Required work => Below are the records; repeat exactly their lines between the line holding "Zintegrowany z blokiem" and the line holding "IMAGEN-MEDALLA. (Ae. 2,68g/29x12mm).", inclusive, skipping the pictures.

Provided entries =>
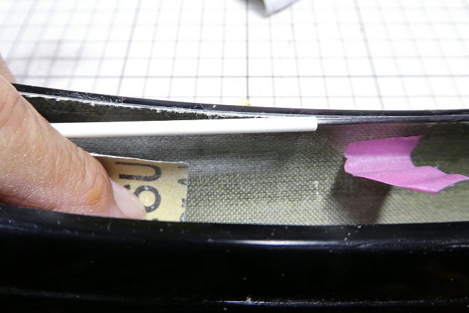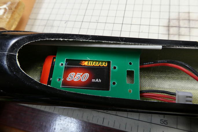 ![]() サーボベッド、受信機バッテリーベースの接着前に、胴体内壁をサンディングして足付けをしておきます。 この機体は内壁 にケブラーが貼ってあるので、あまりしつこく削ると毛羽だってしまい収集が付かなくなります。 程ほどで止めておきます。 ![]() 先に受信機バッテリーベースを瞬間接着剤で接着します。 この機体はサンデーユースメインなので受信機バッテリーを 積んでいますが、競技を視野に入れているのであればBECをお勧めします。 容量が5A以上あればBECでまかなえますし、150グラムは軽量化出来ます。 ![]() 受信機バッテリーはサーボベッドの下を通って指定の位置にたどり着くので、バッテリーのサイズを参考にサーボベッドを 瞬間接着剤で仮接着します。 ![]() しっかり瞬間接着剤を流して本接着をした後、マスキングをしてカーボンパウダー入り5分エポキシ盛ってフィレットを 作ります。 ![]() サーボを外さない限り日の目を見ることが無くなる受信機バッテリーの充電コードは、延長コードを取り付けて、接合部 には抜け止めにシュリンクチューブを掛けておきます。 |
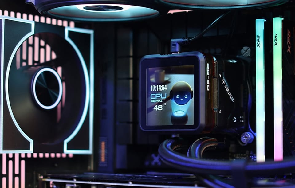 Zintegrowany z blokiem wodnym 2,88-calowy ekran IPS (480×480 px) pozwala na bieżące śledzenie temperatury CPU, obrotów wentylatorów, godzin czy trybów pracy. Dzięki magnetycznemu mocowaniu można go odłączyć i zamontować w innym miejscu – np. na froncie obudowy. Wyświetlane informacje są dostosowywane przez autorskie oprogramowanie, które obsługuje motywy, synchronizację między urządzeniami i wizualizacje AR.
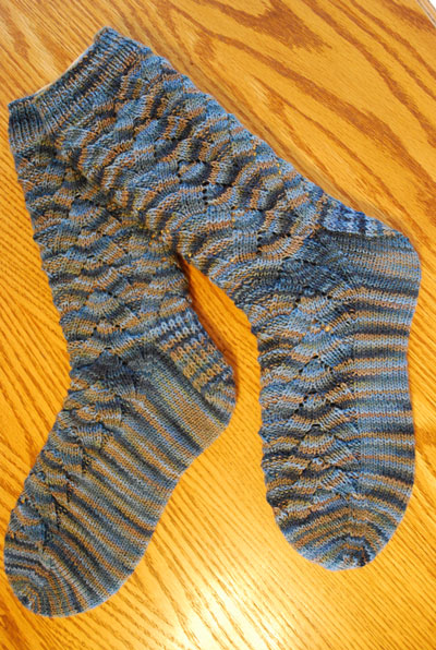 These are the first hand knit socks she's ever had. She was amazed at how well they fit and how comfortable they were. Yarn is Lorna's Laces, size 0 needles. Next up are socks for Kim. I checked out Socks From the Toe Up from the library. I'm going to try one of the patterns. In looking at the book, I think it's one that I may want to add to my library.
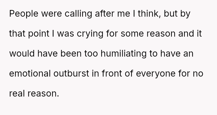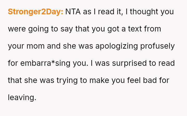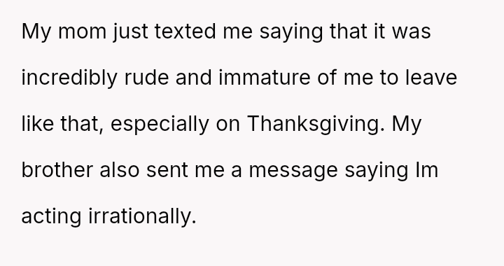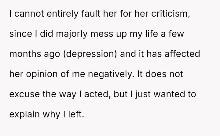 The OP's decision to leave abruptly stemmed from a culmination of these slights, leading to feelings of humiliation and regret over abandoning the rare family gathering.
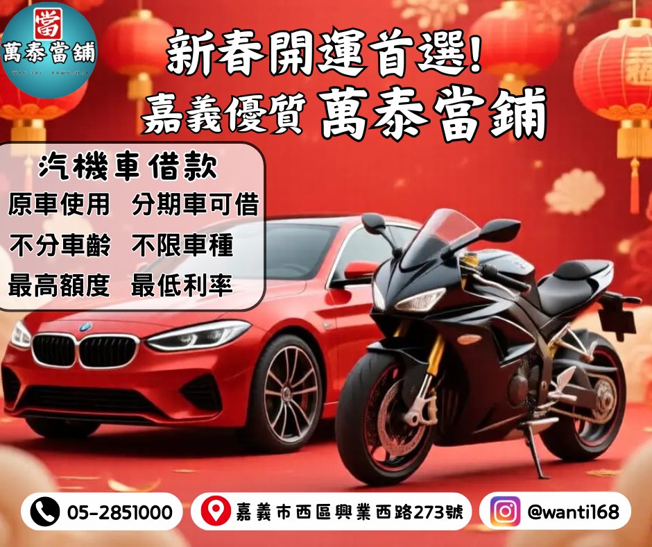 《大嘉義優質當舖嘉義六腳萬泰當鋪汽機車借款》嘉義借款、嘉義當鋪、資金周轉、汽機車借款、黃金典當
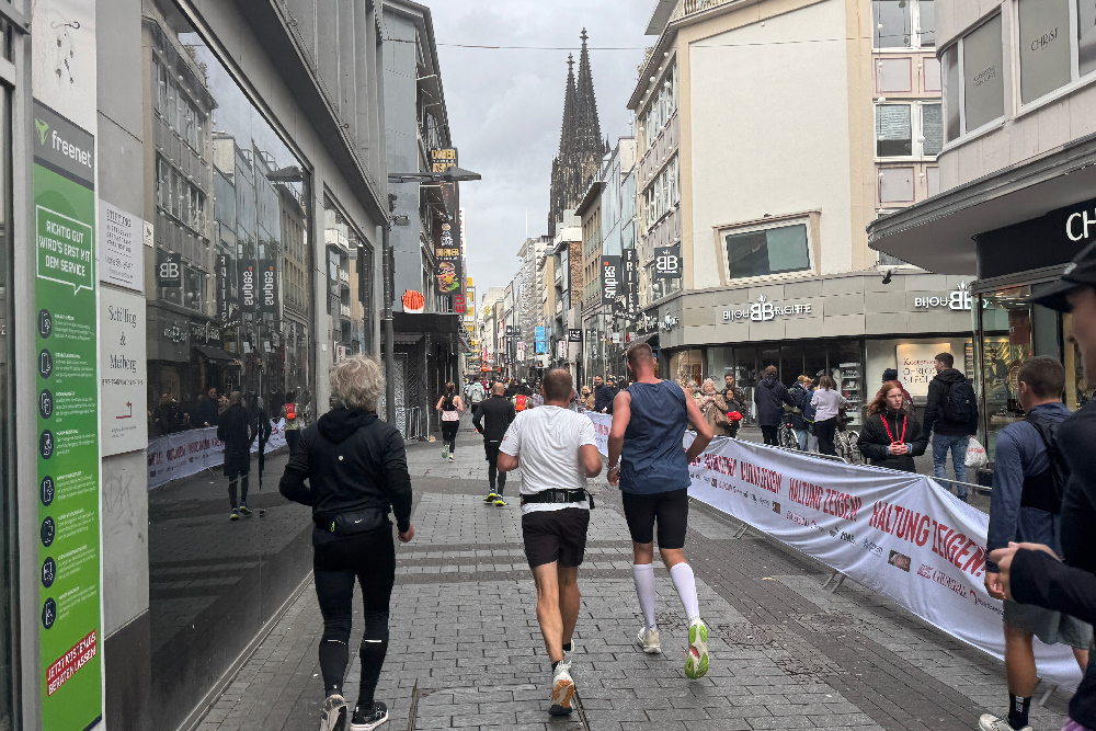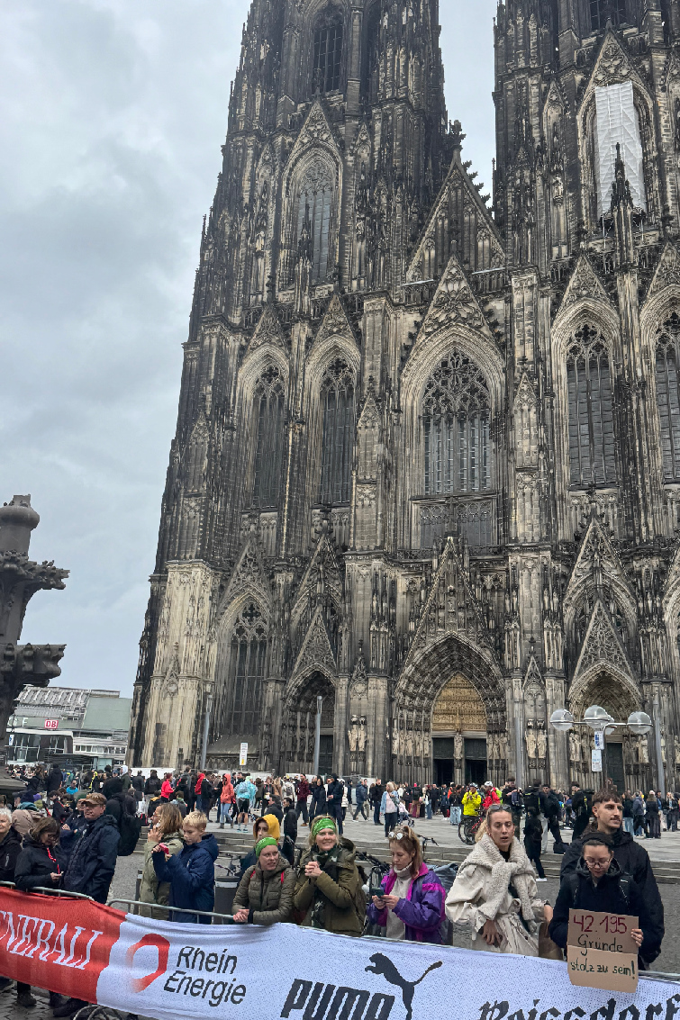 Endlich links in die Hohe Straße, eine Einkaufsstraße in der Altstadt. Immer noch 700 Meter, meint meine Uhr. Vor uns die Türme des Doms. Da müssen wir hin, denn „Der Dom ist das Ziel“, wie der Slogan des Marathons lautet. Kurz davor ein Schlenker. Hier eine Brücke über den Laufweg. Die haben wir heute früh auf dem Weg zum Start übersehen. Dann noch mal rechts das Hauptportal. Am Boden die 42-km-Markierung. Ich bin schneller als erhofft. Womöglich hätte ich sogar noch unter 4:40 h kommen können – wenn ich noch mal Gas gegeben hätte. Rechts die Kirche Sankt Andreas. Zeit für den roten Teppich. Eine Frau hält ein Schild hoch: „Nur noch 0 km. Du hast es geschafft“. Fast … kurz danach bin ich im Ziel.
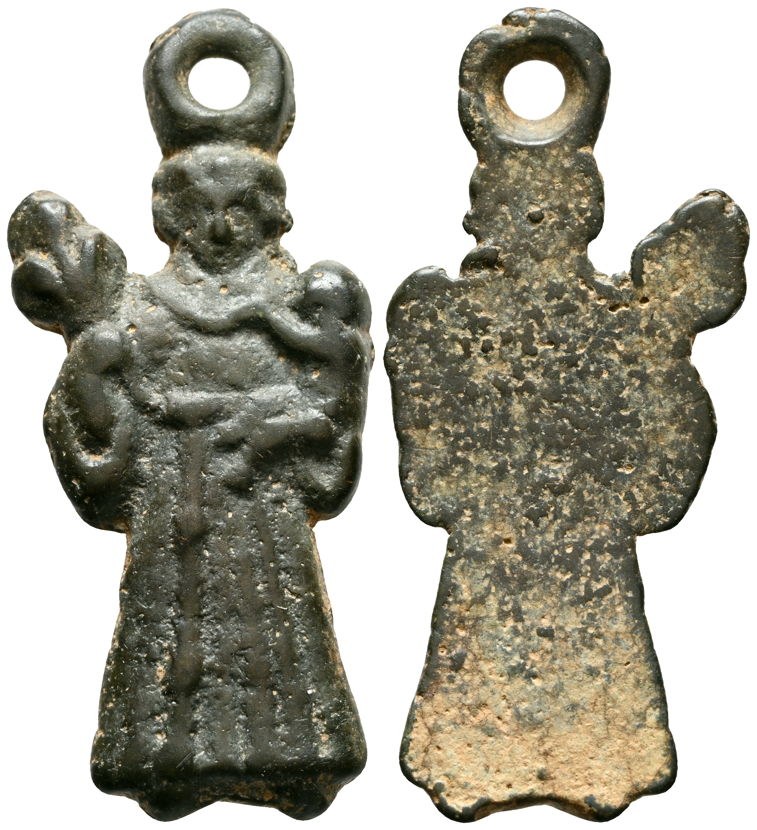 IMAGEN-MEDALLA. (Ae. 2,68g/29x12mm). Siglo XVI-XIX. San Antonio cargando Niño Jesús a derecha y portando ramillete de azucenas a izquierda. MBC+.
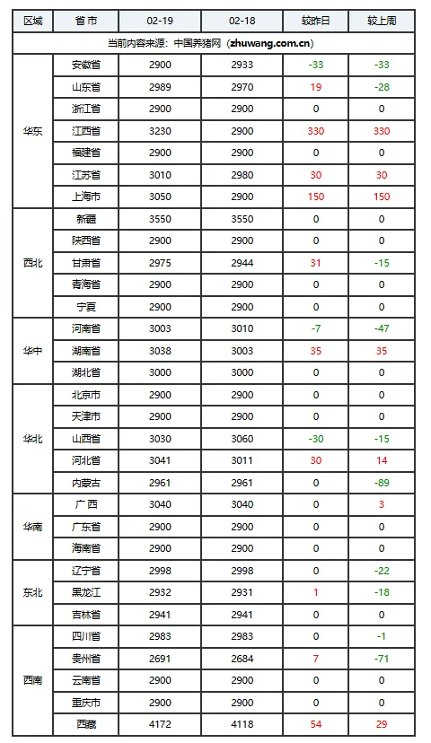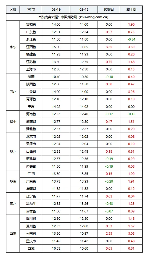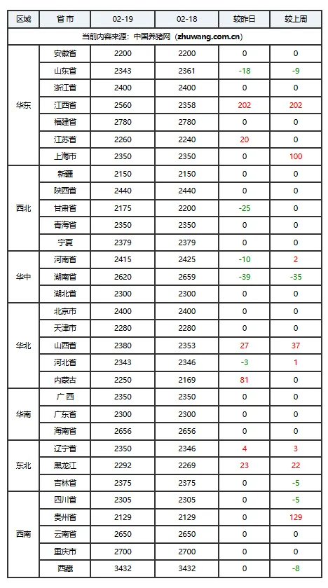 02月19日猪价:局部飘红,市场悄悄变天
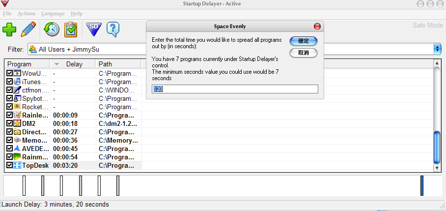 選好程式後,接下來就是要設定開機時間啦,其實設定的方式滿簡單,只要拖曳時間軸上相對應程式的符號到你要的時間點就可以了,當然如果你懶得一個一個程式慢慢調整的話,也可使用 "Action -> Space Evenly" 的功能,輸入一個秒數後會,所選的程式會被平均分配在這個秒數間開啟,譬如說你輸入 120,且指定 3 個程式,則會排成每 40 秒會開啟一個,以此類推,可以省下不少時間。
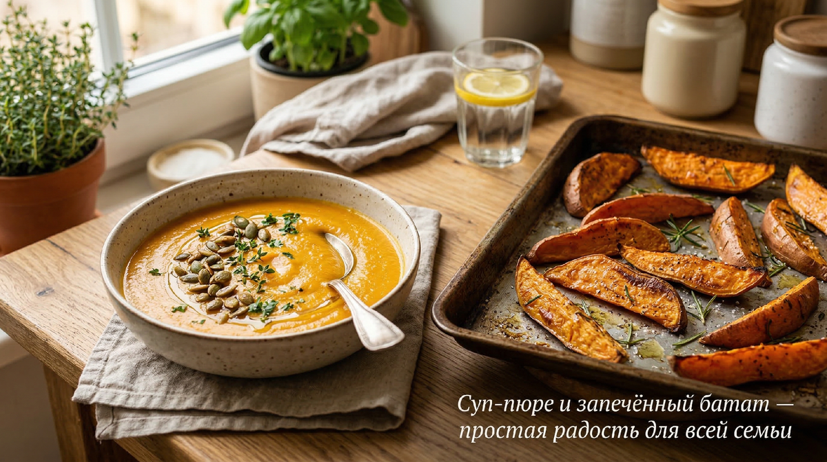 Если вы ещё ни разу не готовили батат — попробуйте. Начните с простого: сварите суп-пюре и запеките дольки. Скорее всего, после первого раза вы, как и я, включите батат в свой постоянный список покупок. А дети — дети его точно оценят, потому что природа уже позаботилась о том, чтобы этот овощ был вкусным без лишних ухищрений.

Answer for this exercise =>
 Zintegrowany z blokiem wodnym 2,88-calowy ekran IPS (480×480 px) pozwala na bieżące śledzenie temperatury CPU, obrotów wentylatorów, godzin czy trybów pracy. Dzięki magnetycznemu mocowaniu można go odłączyć i zamontować w innym miejscu – np. na froncie obudowy. Wyświetlane informacje są dostosowywane przez autorskie oprogramowanie, które obsługuje motywy, synchronizację między urządzeniami i wizualizacje AR.
 These are the first hand knit socks she's ever had. She was amazed at how well they fit and how comfortable they were. Yarn is Lorna's Laces, size 0 needles. Next up are socks for Kim. I checked out Socks From the Toe Up from the library. I'm going to try one of the patterns. In looking at the book, I think it's one that I may want to add to my library.
 The OP's decision to leave abruptly stemmed from a culmination of these slights, leading to feelings of humiliation and regret over abandoning the rare family gathering.
 《大嘉義優質當舖嘉義六腳萬泰當鋪汽機車借款》嘉義借款、嘉義當鋪、資金周轉、汽機車借款、黃金典當
 Endlich links in die Hohe Straße, eine Einkaufsstraße in der Altstadt. Immer noch 700 Meter, meint meine Uhr. Vor uns die Türme des Doms. Da müssen wir hin, denn „Der Dom ist das Ziel“, wie der Slogan des Marathons lautet. Kurz davor ein Schlenker. Hier eine Brücke über den Laufweg. Die haben wir heute früh auf dem Weg zum Start übersehen. Dann noch mal rechts das Hauptportal. Am Boden die 42-km-Markierung. Ich bin schneller als erhofft. Womöglich hätte ich sogar noch unter 4:40 h kommen können – wenn ich noch mal Gas gegeben hätte. Rechts die Kirche Sankt Andreas. Zeit für den roten Teppich. Eine Frau hält ein Schild hoch: „Nur noch 0 km. Du hast es geschafft“. Fast … kurz danach bin ich im Ziel.
 IMAGEN-MEDALLA. (Ae. 2,68g/29x12mm). Siglo XVI-XIX. San Antonio cargando Niño Jesús a derecha y portando ramillete de azucenas a izquierda. MBC+.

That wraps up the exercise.